■ **Information given**
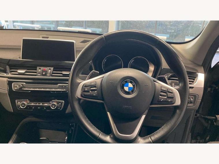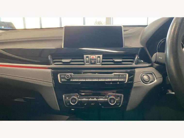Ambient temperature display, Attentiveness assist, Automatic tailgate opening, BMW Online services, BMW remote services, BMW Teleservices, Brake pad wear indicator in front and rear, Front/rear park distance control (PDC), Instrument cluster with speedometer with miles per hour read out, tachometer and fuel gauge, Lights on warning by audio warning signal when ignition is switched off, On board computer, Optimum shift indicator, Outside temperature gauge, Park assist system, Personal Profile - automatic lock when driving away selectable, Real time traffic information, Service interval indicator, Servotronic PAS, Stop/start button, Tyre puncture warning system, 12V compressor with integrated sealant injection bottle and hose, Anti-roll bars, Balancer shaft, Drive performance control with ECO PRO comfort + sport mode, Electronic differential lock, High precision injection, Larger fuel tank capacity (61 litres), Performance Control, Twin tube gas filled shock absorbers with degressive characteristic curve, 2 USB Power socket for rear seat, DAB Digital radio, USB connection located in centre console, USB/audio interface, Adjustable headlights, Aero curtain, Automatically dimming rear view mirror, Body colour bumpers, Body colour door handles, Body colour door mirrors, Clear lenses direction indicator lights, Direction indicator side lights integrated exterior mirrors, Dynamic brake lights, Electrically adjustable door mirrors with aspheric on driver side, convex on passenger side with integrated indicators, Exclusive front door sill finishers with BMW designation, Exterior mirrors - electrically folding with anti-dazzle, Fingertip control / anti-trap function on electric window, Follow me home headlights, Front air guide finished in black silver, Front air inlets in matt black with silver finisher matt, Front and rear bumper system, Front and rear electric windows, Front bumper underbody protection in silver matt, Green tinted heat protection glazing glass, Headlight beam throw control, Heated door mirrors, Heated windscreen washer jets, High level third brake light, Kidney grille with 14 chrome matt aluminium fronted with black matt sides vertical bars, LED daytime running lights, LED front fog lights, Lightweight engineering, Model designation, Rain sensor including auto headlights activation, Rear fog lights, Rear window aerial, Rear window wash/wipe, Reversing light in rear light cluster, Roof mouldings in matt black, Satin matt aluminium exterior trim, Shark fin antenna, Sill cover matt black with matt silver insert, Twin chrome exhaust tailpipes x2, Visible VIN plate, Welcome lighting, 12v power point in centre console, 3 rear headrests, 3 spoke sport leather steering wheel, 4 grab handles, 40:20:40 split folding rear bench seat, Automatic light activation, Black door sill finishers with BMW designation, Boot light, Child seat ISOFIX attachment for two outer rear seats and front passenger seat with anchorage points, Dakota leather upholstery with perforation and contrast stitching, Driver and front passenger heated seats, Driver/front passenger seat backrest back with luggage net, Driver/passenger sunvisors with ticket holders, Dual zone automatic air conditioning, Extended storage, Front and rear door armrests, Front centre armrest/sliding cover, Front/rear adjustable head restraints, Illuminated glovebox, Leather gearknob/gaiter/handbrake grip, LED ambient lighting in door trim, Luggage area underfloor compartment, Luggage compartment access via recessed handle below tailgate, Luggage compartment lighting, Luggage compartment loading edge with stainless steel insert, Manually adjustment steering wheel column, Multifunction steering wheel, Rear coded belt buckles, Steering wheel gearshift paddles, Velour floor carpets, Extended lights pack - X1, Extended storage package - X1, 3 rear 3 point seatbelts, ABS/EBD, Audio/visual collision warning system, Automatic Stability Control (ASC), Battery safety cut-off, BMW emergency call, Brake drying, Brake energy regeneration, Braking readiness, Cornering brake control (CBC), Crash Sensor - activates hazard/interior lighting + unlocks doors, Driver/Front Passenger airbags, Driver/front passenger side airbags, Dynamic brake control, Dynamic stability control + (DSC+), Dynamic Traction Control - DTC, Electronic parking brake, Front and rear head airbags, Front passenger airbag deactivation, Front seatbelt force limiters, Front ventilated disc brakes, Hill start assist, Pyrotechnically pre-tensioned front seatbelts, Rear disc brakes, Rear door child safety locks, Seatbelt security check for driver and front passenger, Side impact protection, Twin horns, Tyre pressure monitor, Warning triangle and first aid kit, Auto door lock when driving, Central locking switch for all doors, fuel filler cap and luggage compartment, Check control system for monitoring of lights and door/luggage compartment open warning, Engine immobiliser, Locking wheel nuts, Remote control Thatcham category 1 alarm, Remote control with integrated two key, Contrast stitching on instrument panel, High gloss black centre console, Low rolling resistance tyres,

--

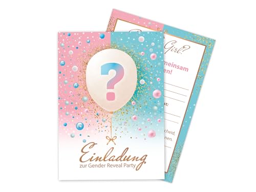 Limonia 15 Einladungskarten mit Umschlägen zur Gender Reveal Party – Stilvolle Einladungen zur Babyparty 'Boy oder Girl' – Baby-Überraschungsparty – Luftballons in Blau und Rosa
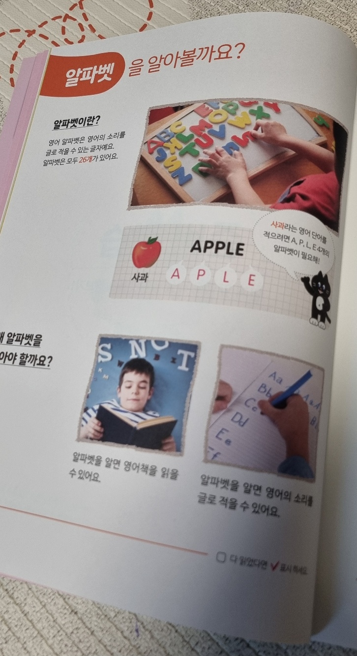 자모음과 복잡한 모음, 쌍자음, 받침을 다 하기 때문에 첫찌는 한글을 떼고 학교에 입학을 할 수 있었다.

---

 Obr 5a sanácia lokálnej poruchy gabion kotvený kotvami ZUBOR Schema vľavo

■ **Task**
Among the lines above, the one with "Limonia 15 Einladungskarten" opens the part to repeat and the one with "자모음과 복잡한 모음, 쌍자음, 받침을" closes it; repeat only that part exactly, with no pictures.

■ **Answer to this problem**
 Limonia 15 Einladungskarten mit Umschlägen zur Gender Reveal Party – Stilvolle Einladungen zur Babyparty 'Boy oder Girl' – Baby-Überraschungsparty – Luftballons in Blau und Rosa
 자모음과 복잡한 모음, 쌍자음, 받침을 다 하기 때문에 첫찌는 한글을 떼고 학교에 입학을 할 수 있었다.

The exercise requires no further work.